» Recorded information
--- START ---

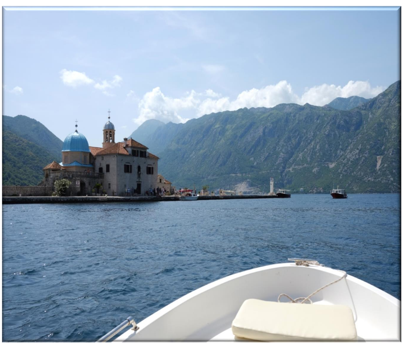
Our Lady of the Rocks - Kotor Bay
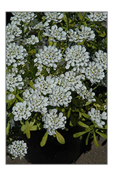
Golden Candy Candytuft flowers
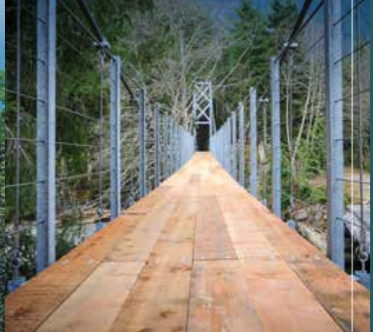
SEA TO SKY BRIDGE, BC
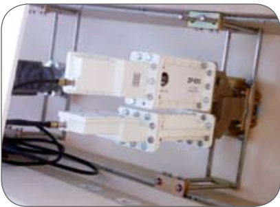
ZF150 mounted on a Simulsat antenna feed

--- END ---

» Work required
Set down all of the material above exactly as written, leaving the pictures out.

» Answer box
Our Lady of the Rocks - Kotor Bay
Golden Candy Candytuft flowers
SEA TO SKY BRIDGE, BC
ZF150 mounted on a Simulsat antenna feed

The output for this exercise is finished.